Dieu façonna Adam (l’Homme) poussière rassemblée et resserrée de la Adamah – Il fit pénétrer dans ses narines un souffle de vie, et l’Homme devint un être vivant. Dieu planta un jardin en Eden, vers l’orient, et y plaça l’Homme qu’il avait façonné. Dieu fit surgir du sol toute espèce d’arbres, beaux à voir et propres à la nourriture ; et l’arbre de vie au milieu du jardin, avec l’arbre de la connaissance (science) du bien et du mal. Un fleuve sortait d’Eden pour arroser le jardin……Dieu prit donc l’Homme et l’établit dans le jardin d’Eden pour le cultiver et le soigner. Dieu donna un ordre à l’Homme en disant : « Tous les arbres du jardin tu peux t’en nourrir, mais l’arbre de la science du bien et du mal, tu n’en mangeras point : car, du jour où tu en mangeras, tu dois mourir ! ». Dieu dit : « Il n’est pas bon que l’Homme soit isolé ; je lui ferai une aide digne de lui ». Dieu avait formé de matière terrestre tous les animaux des champs et tous les oiseaux du ciel. Il les amena devant l’Homme pour qu’il avisât à les nommer : et telle chaque espèce animée serait nommée par l’Homme, tel serait son nom. L’homme imposa des noms à tous les animaux qui paissent, aux oiseaux du ciel, à toutes les bêtes sauvages ; mais pour lui-même, il ne trouva pas de compagne qui lui fût assortie. Dieu fit peser une torpeur sur l’Homme, qui s’endormit ; Il prit une de ses côtes, et forma un tissu de chair à la place. Dieu organisa en une femme la côte qu’il avait prise à l’Homme, et il la présenta à l’Homme. Et l’Homme dit : « Celle-ci, pour le coup est l’os de mes os et la chair de ma chair ».celle ci sera nommée Isha, parce qu’elle a été prise de Ish. C’est pourquoi l’homme abandonne son père et sa mère ; Il s’unit à sa femme et ils deviennent une seule chair. Or ils étaient tous deux nus, l’homme et sa femme, et ils n’en éprouvaient point de honte.
D’abord et avant tout saisir qu’il s’agit d’un texte mythique (dit, inspiré).
Mythique veut principalement dire secret pour nous avertir qu’il ne faut surtout pas l’interpréter sur le mode littéral.
Il faut s’attacher et respecter la traduction du texte initial pour conserver les images qui doivent nous apprendre quelque chose
(Un peu comme pour les contes où on ne peut inter changer les animaux par exemple pour Lafontaine sans perdre le sens).
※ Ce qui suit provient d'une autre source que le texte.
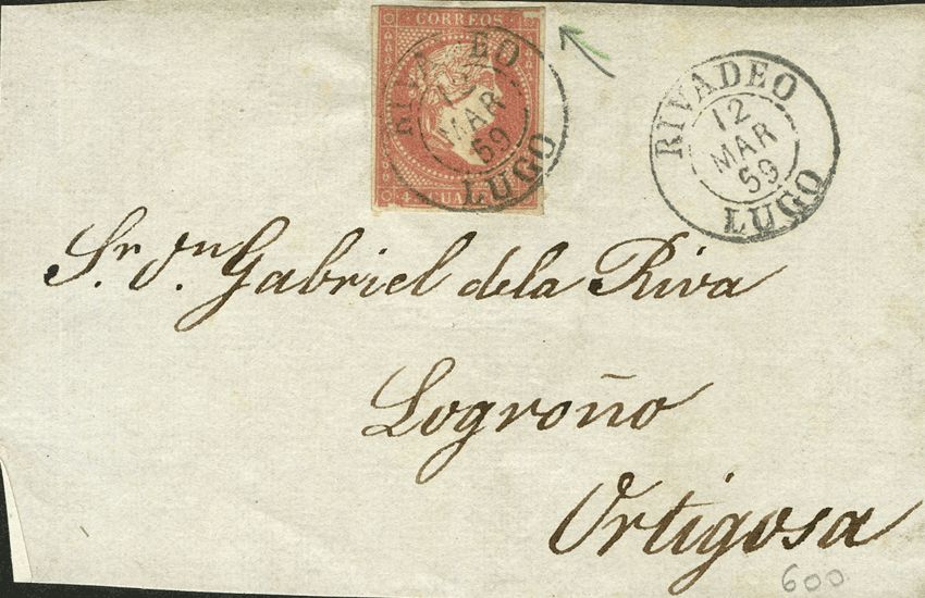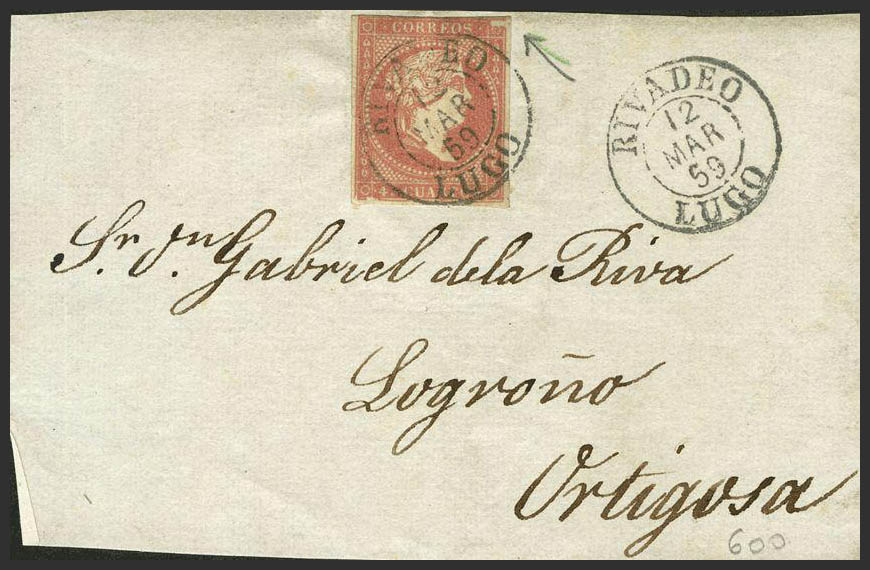 48. 1856. 4 red cuartos . Front from RIVADEO to ORTIGOSA. Postmark RIVADEO / LUGO (Type I). MAGNIFICENT.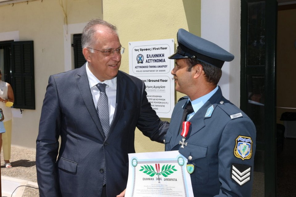 Ο υπουργός, στο πλαίσιο των εγκαινίων, βράβευσε τον αστυνομικό, αρχιφύλακα Γεώργιο Κυριακάκη, απονέμοντάς του το Μετάλλιο Αστυνομικού Αριστείου Ανδραγαθίας για έξοχη πράξη ανδραγαθίας που έλαβε χώρα στην επαρχιακό οδό Βρυσών - Βάμου Χανίων, όταν υπηρετούσε στο τότε Τμήμα Αστυνομικών Επιχειρήσεων Αποκορώνου.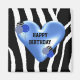 Önska någon i grattis på födelsedagen med den här coolan zebra mönstrad design med ett hjärta som accentueras av ballonger!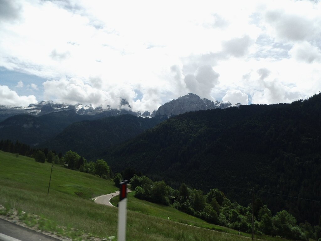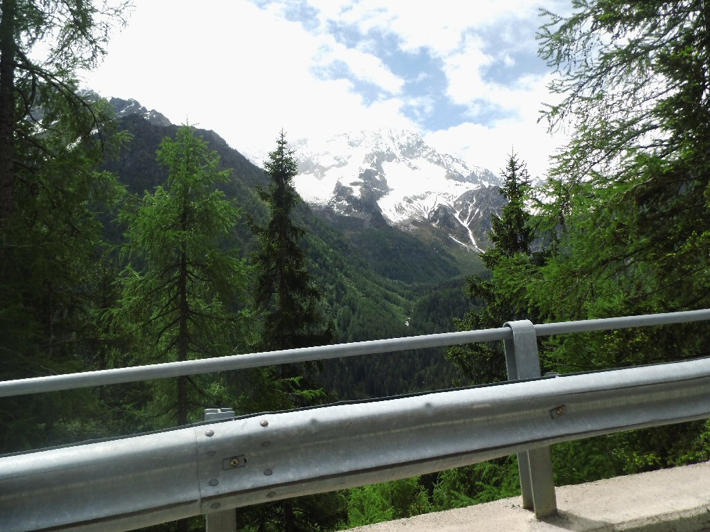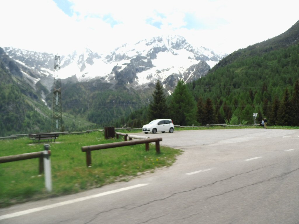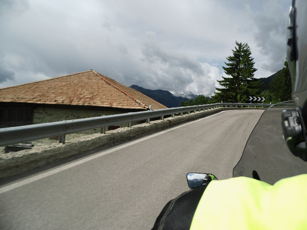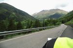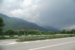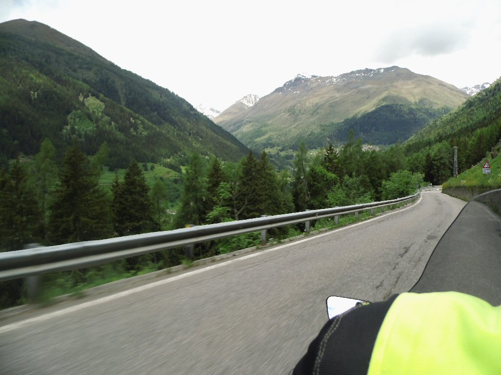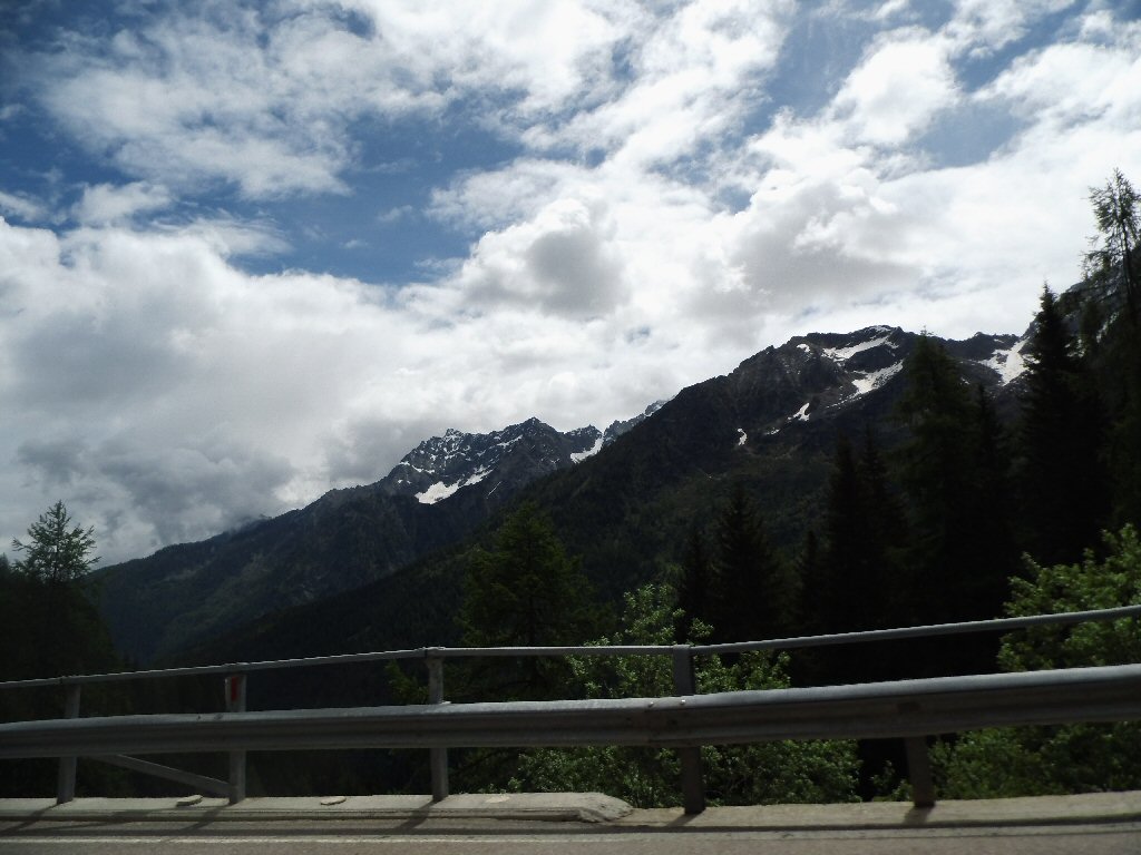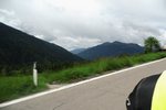 Dan gaan we richting bergen. Die worden steeds hoger. Dan zien we bergen met sneeuw. Her is genieten. We gaan weer passen rijden. Om ongeveer 10:30 uur hebben we de eerste stop. Mooi uitzicht naar bergen met sneeuw. We komen veel motorrijders tegen. Als we verder rijden wordt de lucht donkerder. En ja hoor, enkele kilometers verder. Regen en hagel. We rijden door en even later niets meer. De weg is er zelfs droog.

Ainsi on constate que le mot terre existe dans la bible sous deux termes différents qui ne sont pas pris au hasard
Eretz : qui est la terre, la glaise, qui donnera par extension le pays ou la planète terre.
Adamah : qui est la terre cultivée. Celle la même qu’Adam doit ensuite travailler. De plus la Adamah comme par hasard est le féminin de Adam.
De plus Adam n’est pas façonné par la Adamah mais par la « poussière tirée de la Adamah ». L’image qui nous est donnée à voir est le façonnement de l’Homme Adam d’éléments dispersés abstraits de la Adamah ;
Adam est la synthèse des abstractions tirées de ce que l’homme devra travailler : le jardin d’Eden.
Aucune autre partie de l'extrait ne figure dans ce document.